Coleotechnites petulans

Scientific classification
- Kingdom: Animalia
- Phylum: Arthropoda
- Class: Insecta
- Order: Lepidoptera
- Family: Gelechiidae
- Genus: Coleotechnites
- Species: C. petulans
- Binomial name: Coleotechnites petulans (Meyrick, 1917)
- Synonyms: Hapalosaris petulans Meyrick, 1917;

= Coleotechnites petulans =

- Authority: (Meyrick, 1917)
- Synonyms: Hapalosaris petulans Meyrick, 1917

Species of moth

Coleotechnites petulans is a moth of the family Gelechiidae. It is found in Colombia, Ecuador and Peru.

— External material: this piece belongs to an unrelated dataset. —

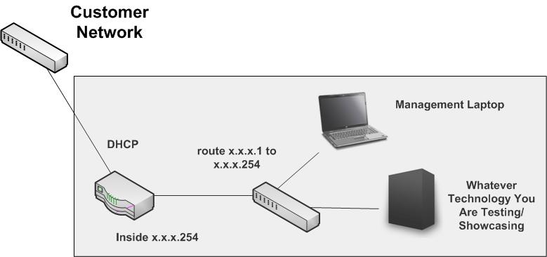 Over the years I’ve had to showcase many technologies in live testing / lab demo scenarios. To avoid risk of dealing with unknown elements, I try to own responsibility for as much of the testing environment as possible. A simple way to remove the unknown network out of the equation is using a router or firewall to mimic a standard user using PAT (port address translation) and handling everything on the inside test network.

The wingspan is 9–11 mm. The forewings are white, irregularly irrorated with fuscous and dark fuscous, more thinly towards the dorsum anteriorly. There is an oblique blackish bar from the costa at one-sixth to the fold, as well as blackish spots on the costa before the middle and at two-thirds and a black subcostal dot at one-fourth. The stigmata are black, sometimes ringed with white, the plical rather obliquely before the first discal, an additional dot between the second discal and the dorsum. A small blackish spot is found on the dorsum before tornus and there are three blackish dots on the costa towards the apex, the apical area is darker-suffused. The hindwings are light grey, in males thinly scaled and whitish-tinged anteriorly.